The first was about cutting millions out of budgets for the next six months. Those are the "holdbacks." They take money away from what we budgeted last year for January to June or the second half of "fiscal year 09."  I voted "no" on one of them, the one that took huge chunks out of several different parts of our "medicaid" health care and welfare budgets…

The second part of the day was a rally on the temporary statehouse steps where I climbed down through signs and bundled bodies to find hundreds of people with disabilities and their families gathered to protest huge pending cuts to the therapy services many depend on. They are concerned that without support and help that many there would never have had the chance to become as independent as they are.
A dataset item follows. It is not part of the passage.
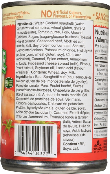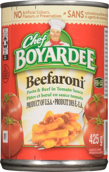 Chef Boyardee Pasta (24X425G) – 425 g — heat-and-serve pasta in tangy tomato sauce. Case format: 24 × 425 g.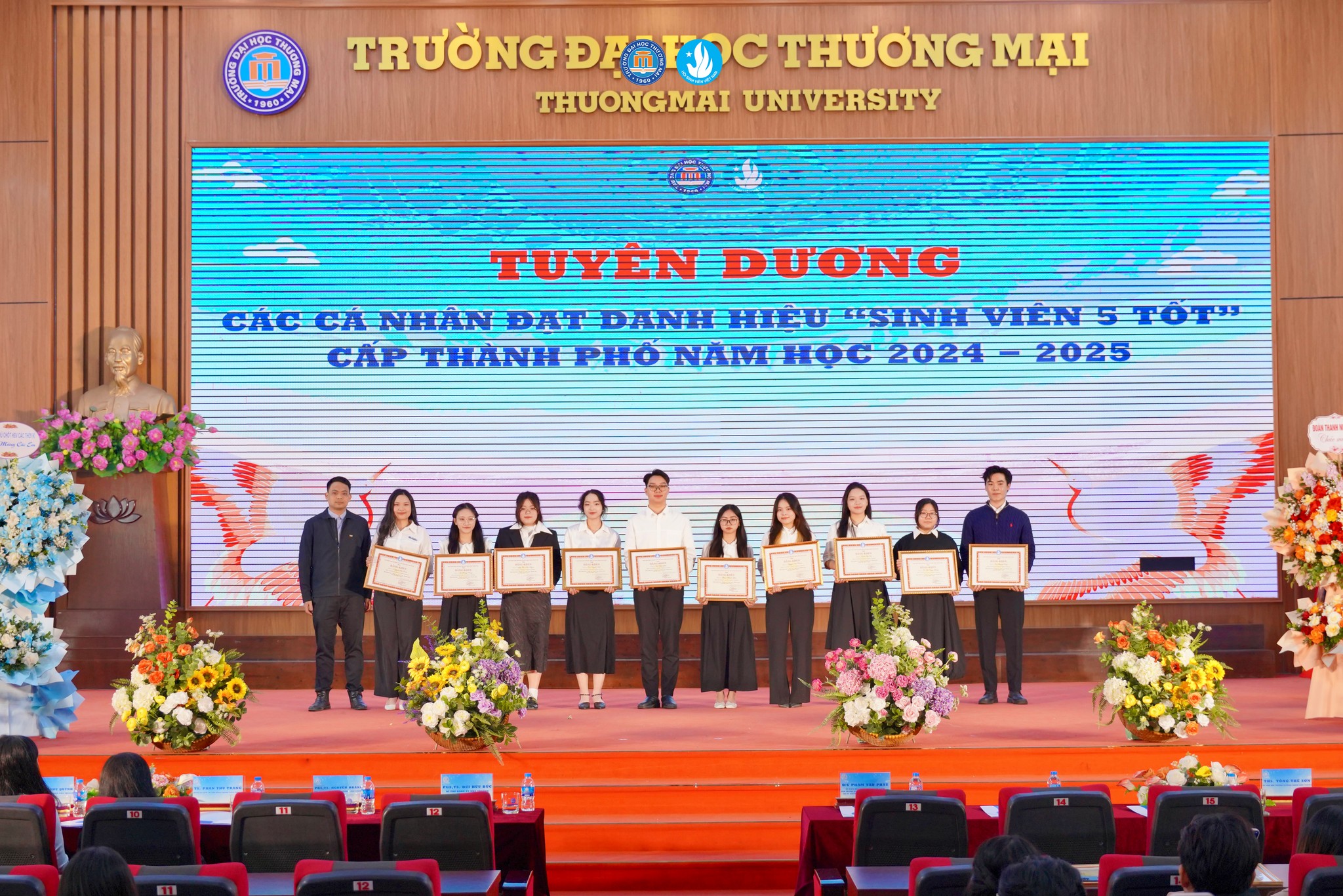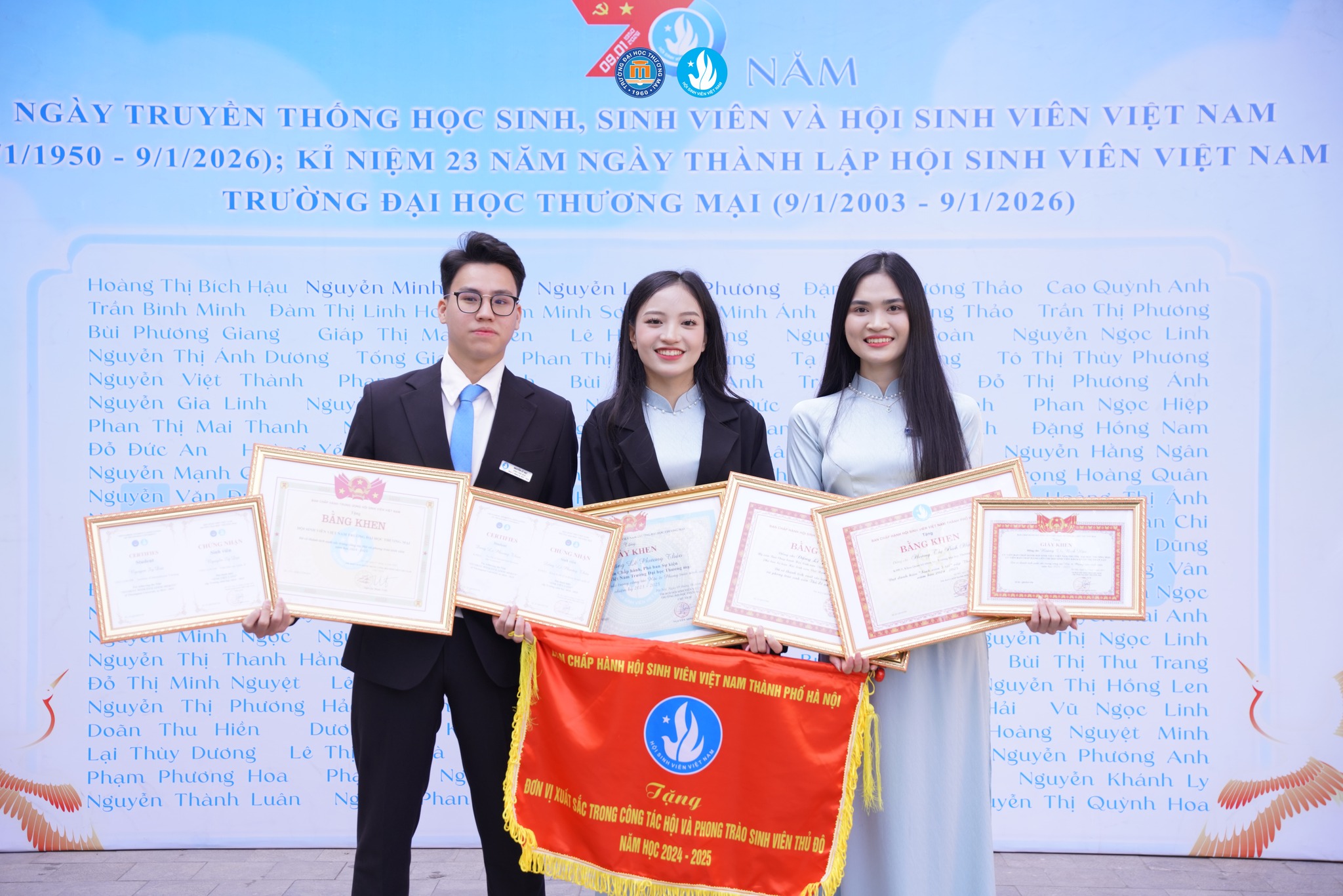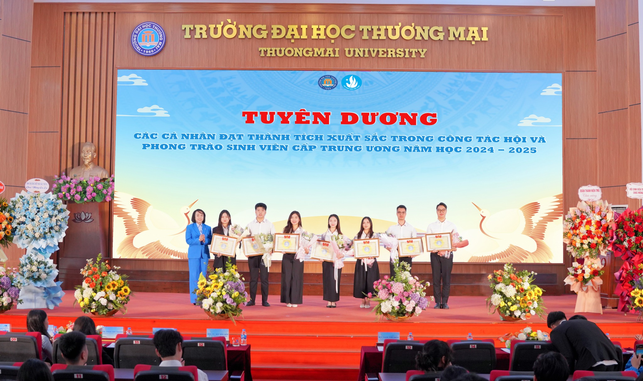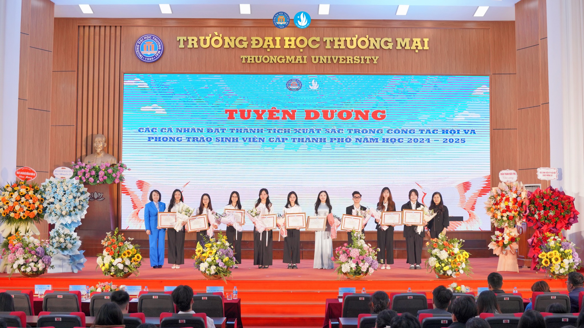 Trong chương trình, Hội Sinh viên Việt Nam Trường Đại học Thương mại đã biểu dương 04 tập thể và 05 cá nhân nhận bằng khen từ Trung ương Hội Sinh viên Việt Nam; 05 tập thể và 04 cá nhân nhận bằng khen từ Hội Sinh viên Việt Nam Thành phố Hà Nội; 10 tập thể và 100 cá nhân nhận bằng khen từ Hội Sinh viên Trường đã có thành tích xuất sắc trong công tác Hội và phong trào Sinh viên năm học 2024 - 2025.

They are concerned that parents will have to ask taxpayers to foot the larger bill to put their kids in expensive homes and institutions; that they won't be able to work and care for their kids; that a traditional day care won't take them or if they do that their children will just be warehoused, not taught skills, independence and self esteem.

One man in a wheel chair who works with kids with developmental disabilities spoke slowly and, in his nervousness, almost incomprehensibly into the hand held microphone. Someone re-read his eloquent speech. In another time he might never have had a chance to use a computer to write that speech. He might have been assumed to have no intellect, no voice.

The third part of the day was where we sat and listened to Mike
Ferguson from the Governor's budget office try to talk our committee down
from the ledge. It seems we on the Revenue Outlook Committee (I sit on this and the budget committee, JFAC) are far less optimistic about the economy than the Governor. Each of us on the committee was supposed to
guess how much in sales and income tax Idahoans will earn and spend and thus pay this year based
on what economists and industry lobbyists themselves are predicting.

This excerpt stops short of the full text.